WHAT IS REQUIRED: What are the lines below, starting at the line containing "Shrub. Werribee Gorge State Park, Vic" and ending at the line containing "HIT AND HOPE"? Write them out exactly, ends included, without pictures.

EXERCISE INPUT:
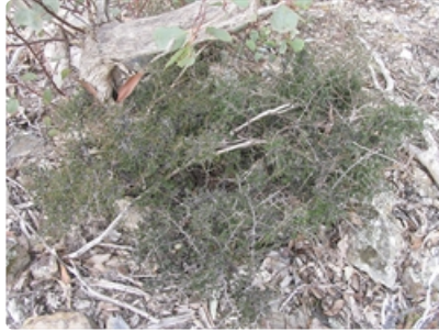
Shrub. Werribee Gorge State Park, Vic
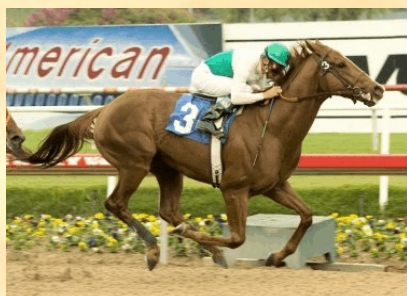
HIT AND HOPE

---

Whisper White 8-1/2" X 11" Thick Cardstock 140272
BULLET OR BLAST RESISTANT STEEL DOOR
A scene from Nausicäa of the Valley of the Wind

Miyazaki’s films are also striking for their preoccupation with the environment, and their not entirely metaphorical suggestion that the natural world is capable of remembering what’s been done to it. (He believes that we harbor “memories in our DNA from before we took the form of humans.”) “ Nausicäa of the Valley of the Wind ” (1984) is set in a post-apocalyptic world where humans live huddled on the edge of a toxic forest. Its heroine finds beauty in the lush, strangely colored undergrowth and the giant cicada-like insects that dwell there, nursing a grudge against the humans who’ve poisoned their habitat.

OUTPUT OF THE TASK:
Shrub. Werribee Gorge State Park, Vic
HIT AND HOPE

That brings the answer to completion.